Home > News > Indians Promise Legal Battle Over Dakota Access Pipeline Approval

Indians Promise Legal Battle Over Dakota Access Pipeline Approval

February 8, 2017

BISMARCK, N.D. (AP) – The Standing Rock Sioux tribe is promising a legal battle after the Army said it’s clearing the way for completion of the Dakota Access oil pipeline.

Tribal attorney Jan Hasselman says the government “will be held accountable in court.” He says the specifics of the tribe’s challenge are being worked out.

The Army has notified Congress that it will allow the $3.8 billion Dakota Access pipeline to cross under a Missouri River reservoir in North Dakota, completing the four-state project to move North Dakota oil to the Patoka Tank Farm in northwest Marion County.

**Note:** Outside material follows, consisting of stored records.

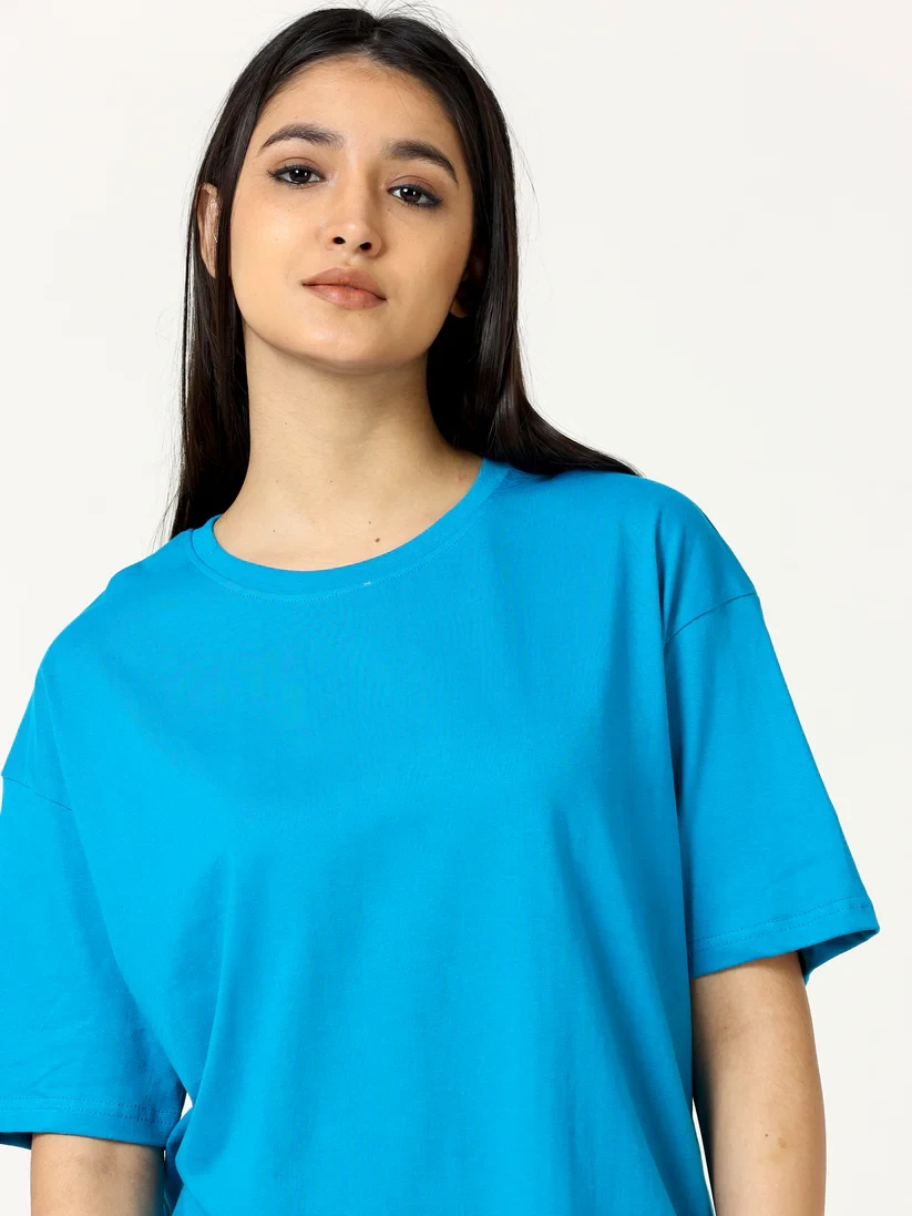 Pair it effortlessly with jeans, leggings, shorts, or skirts for versatile casual styling. Whether for casual daywear, college wear, street style, or weekend outings, the Sky Blue Women's Cotton Oversize T-Shirt is a must-have wardrobe staple for women seeking comfort, style, and versatility. Its breathable cotton fabric and trendy oversize fit make it suitable for all-day wear and multiple outfit combinations.
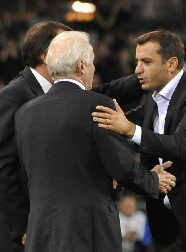 Armenian head coach, Vardan Minasyan, congratulates Irish coaching team (Trapattoni and Tardelli)
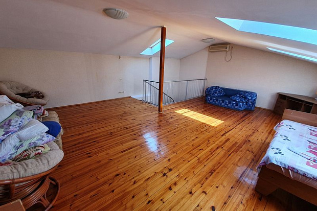 Трехуровневый дом. На первом - огромная гостиная, кухня и санузел. На втором - 3 спальни и санузел. На третьем - мансарда. В доме 5 кондиционеров и 2 санузла. Свой двор. Через дорогу - множество различных песчаных пляжей.
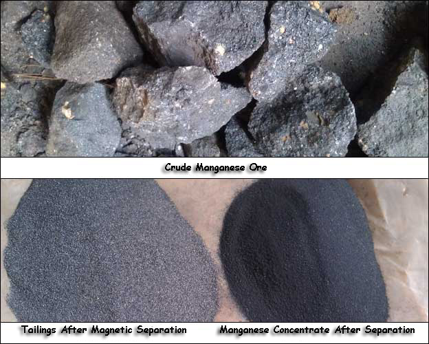 The following picture is about manganese ore test. This manganese ore is hard to upgrade by gravity separation and magnetic separation can be used to get ideal beneficiation efficiency. The upper one is the raw manganese ore, the bottom left picture is the tailings after magnetic separation while the bottom right one is about the manganese concentrate after intensity magnetic separation:
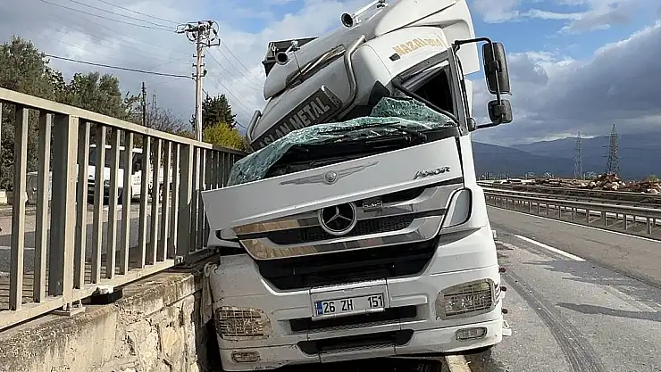 Sakarya'nın Pamukova ilçesi D-650 kara yolunda kamyonun sıkıştırıp yoldan çıkarttığı tır beton bariyerlere çarptı.
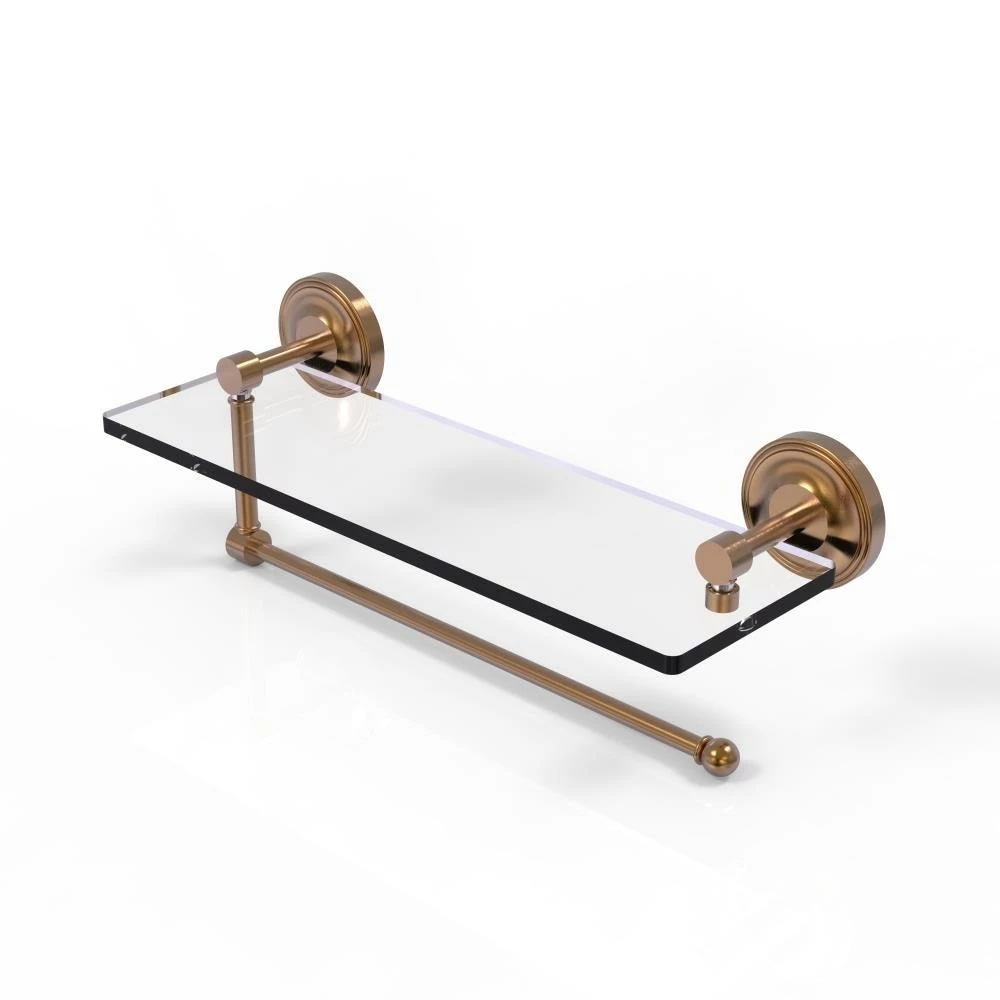 Maximize space and efficiency with this beautiful glass shelf and paper towel holder combination. Made of solid brass and tempered glass this classic unit will enhance any kitchen.
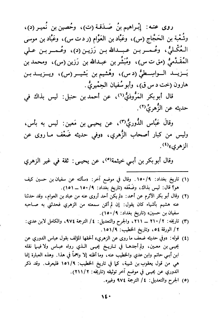 (4) قوله: وفي حديثه ضعف ما روى عن الزُّهْرِيّ"ألحقها المؤلف بقول عَبَّاس الدوري عَنْ يحيى بْن مَعِين، ولم أجدها في تاريخ يحيى الذي رواه عباس ولا فيما نقله ابن أَبي حاتم وابن عدي والخطيب عنه، وما أظنه إلا واهما في هذا. وهذه العبارة إنما هي من قول يعقوب بن شَيْبَة، كما في تاريخ الخطيب: 9 / 151 فليعرف. وقد ذكر الدوري عن يحيى في موضع آخر توثيقه (تاريخه: 2 / 211) .
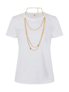 T-shirt ELISABETTA FRANCHI in jersey dalla vestibilità slim. È impreziosita dalla collana a doppio filo con logo, trattenuta dai passanti nel taglio della spalla.
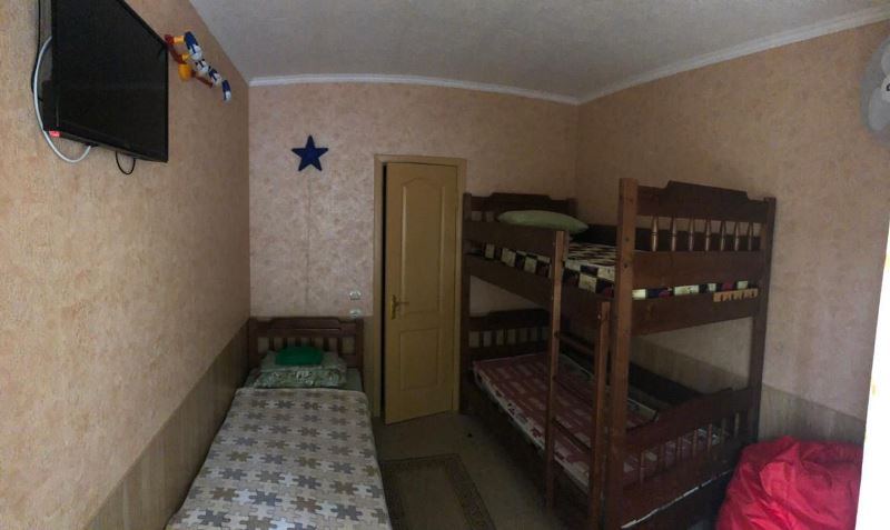 В доме, площадью 60 кв.м, 2 двуспальные кровати, 1 односпальная и 2 детские кровати, сплит-системы, вентиляторы, телевизоры, холодильники, фен, интернет, три санузла. Смена белья и полотенец по требованию. Стиральная машинка за дополнительную плату.
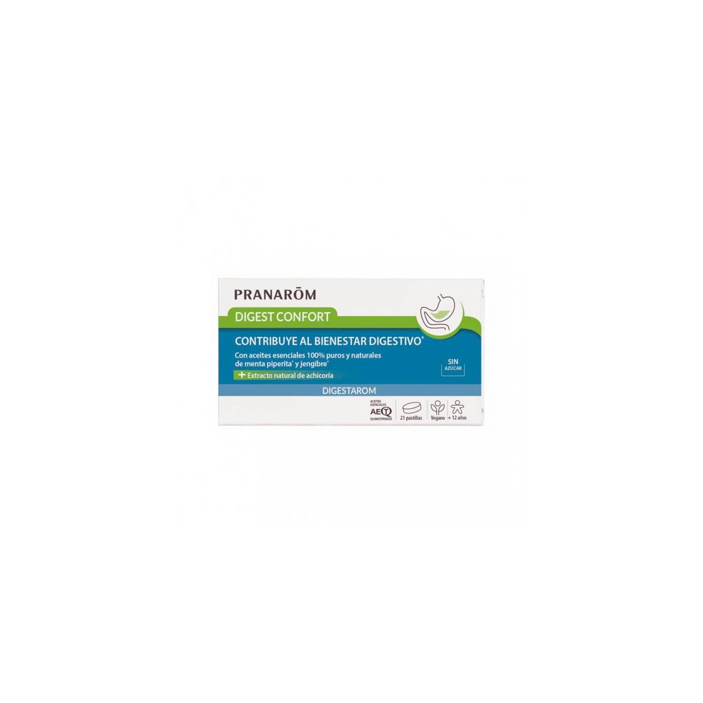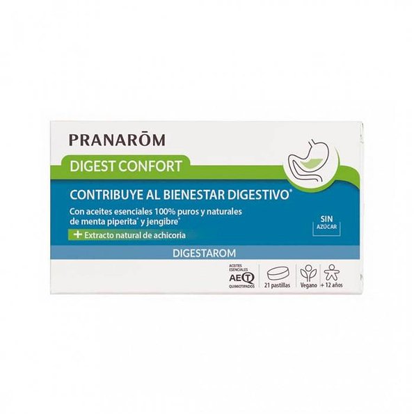 Digest Confort de Pranarôm es un complemento alimenticio formulado especialmente para aliviar molestias digestivas como pesadez, gases, náuseas y digestiones lentas. Con 21 comprimidos masticables o para chupar, contiene aceites esenciales 100 % puros de menta piperita y jengibre, junto con extracto natural de achicoria, ingredientes que actúan sinérgicamente para mejorar el confort tras comidas copiosas y prevenir malestar por cambios alimentarios o viajes
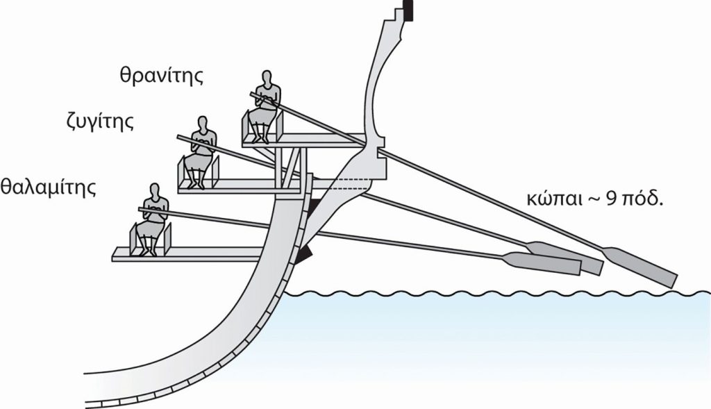 Μέρος αυτής της τεχνολογίας ήταν και η προσθήκη μιας ακόμη σειράς κωπηλατών μέσω μιας ιδιοφυούς κατασκευής: «Από τον 9ο αιώνα π.Χ. οι Ελληνες είχαν χρησιμοποιήσει “δικρότους” ναυς, δηλαδή πλοία με δύο αλληλυπέρθετες σειρές κωπηλατών. Η περαιτέρω αύξηση ισχύος και ταχύτητας ενός τέτοιου πλοίου μέσω τρίτης σειράς κωπηλατών δεν θα μπορούσε να επιτευχθεί με αύξηση του ύψους του σκάφους με ένα τρίτο κατάστρωμα.
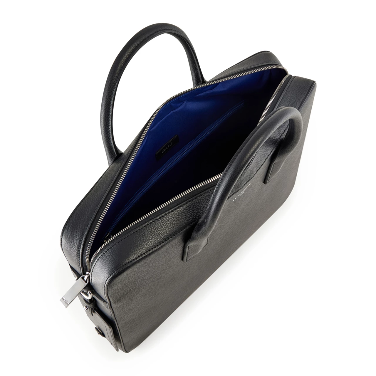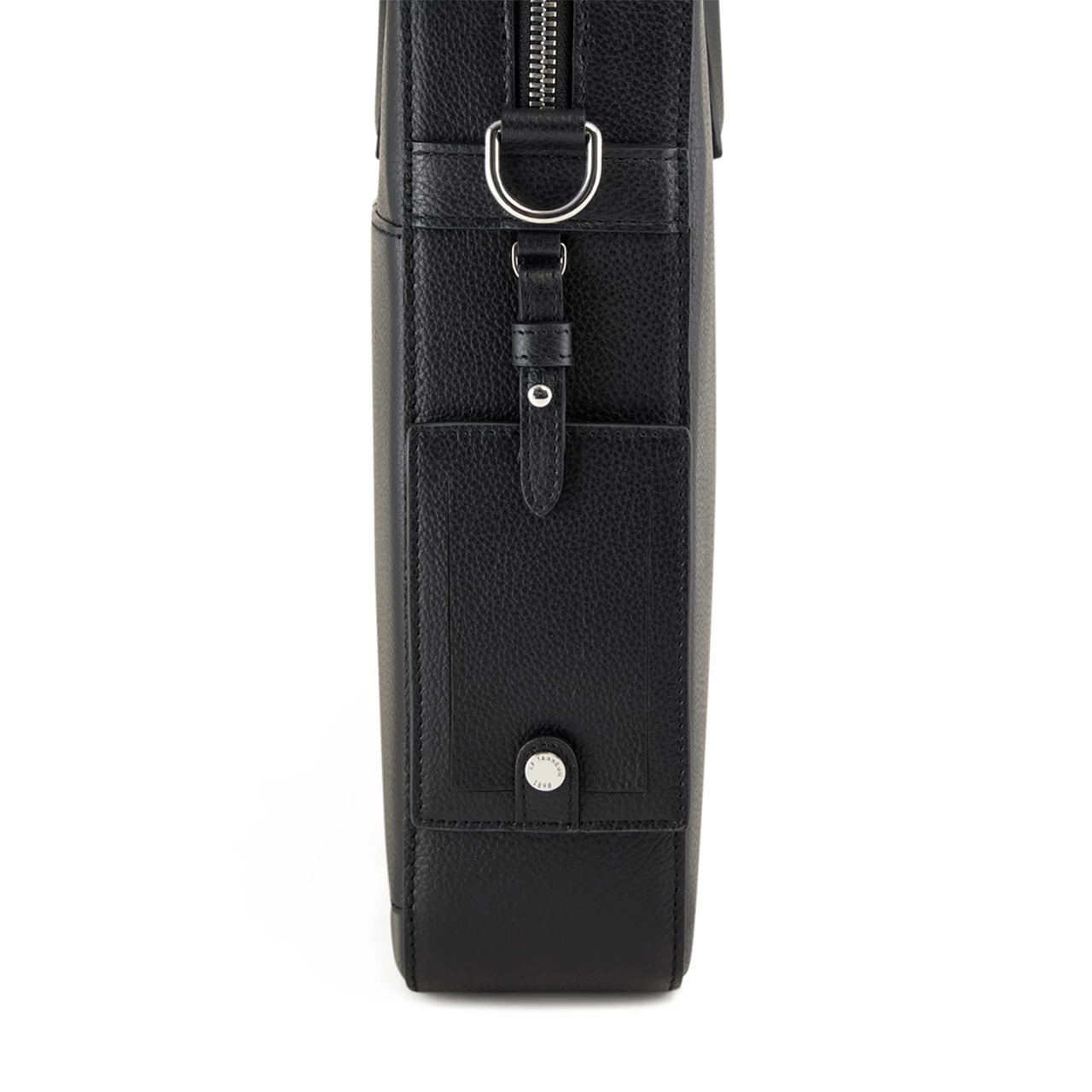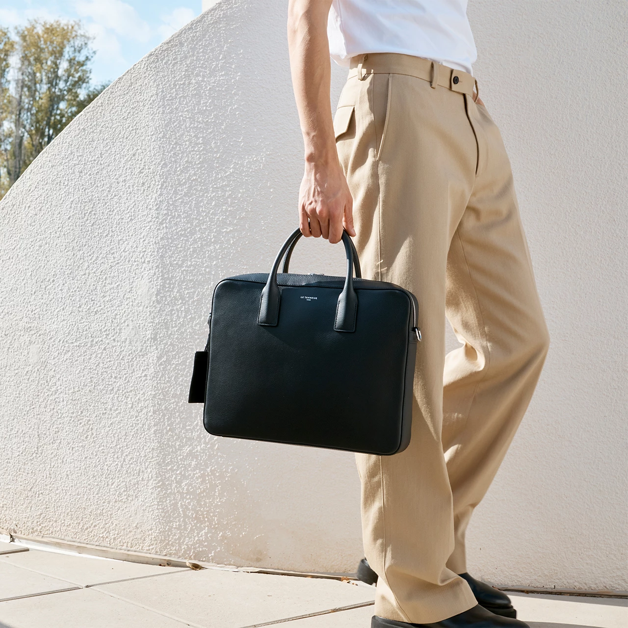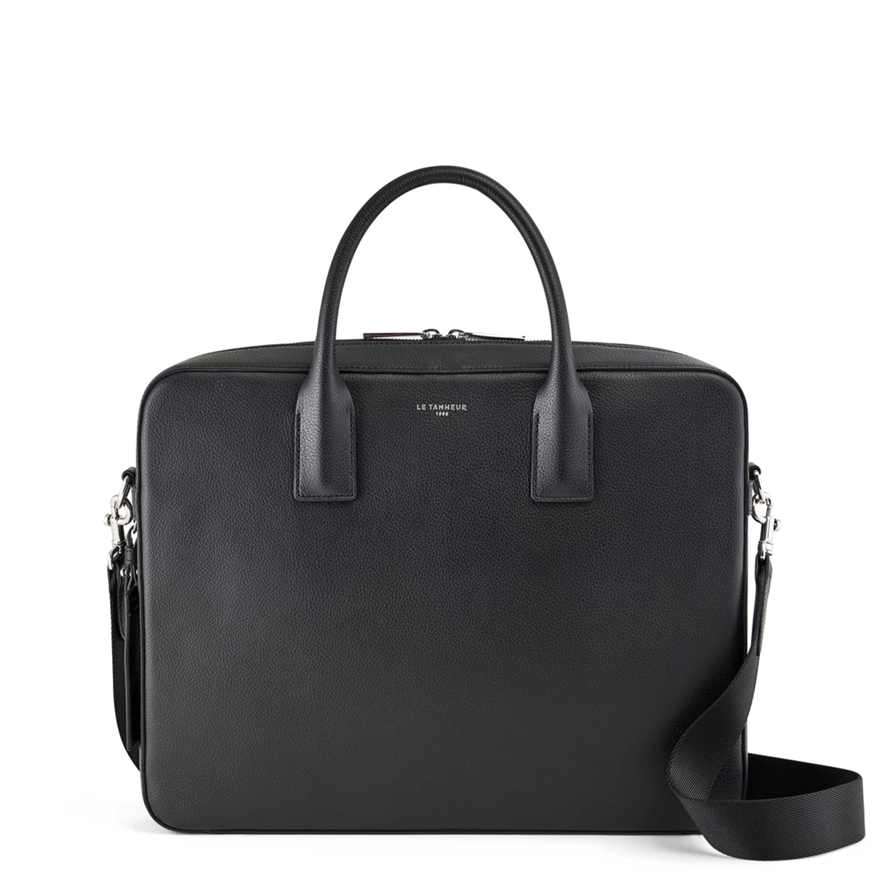 Die schwarze Aktentasche aus hochwertigem Leder des Hauses Le Tanneur aus der Kollektion Emilie überzeugt mit elegantem Design und exklusiven Materialien. Im Innern finden sich drei flache Fächer sowie ein Reißverschlussfach. Das Fach mit den verarbeiteten Polsterungen dient dazu, den Laptop sicher und komfortabel einzubetten. An der Front- und Rückseite bietet die Tasche jeweils ein Fach mit Druckknopf, in denen beispielsweise Dokumente verstaut werden können. Neben den Handgriffen kann die Tasche, dank einer Trolleyschlaufe, auch über der Schulter oder umgehängt getragen werden. Das Branding “Le Tanneur” auf Silberfolie sowie silberfarbene Metallteile sind stilvolle Designelemente, die die Aktentasche zum unauffälligen Hingucker machen.

The Justice Department filed court documents Tuesday including letters to members of Congress from Deputy Assistant Army Secretary Paul Cramer. The Army intends to allow the crossing under Lake Oahe as early as Wednesday.

The crossing is the final big chunk of work on the pipeline.

The Standing Rock Sioux tribe worries a pipeline leak could pollute drinking water. It’s promised to continue legal challenges.

Dallas-based pipeline developer Energy Transfer Partners says the pipeline is safe.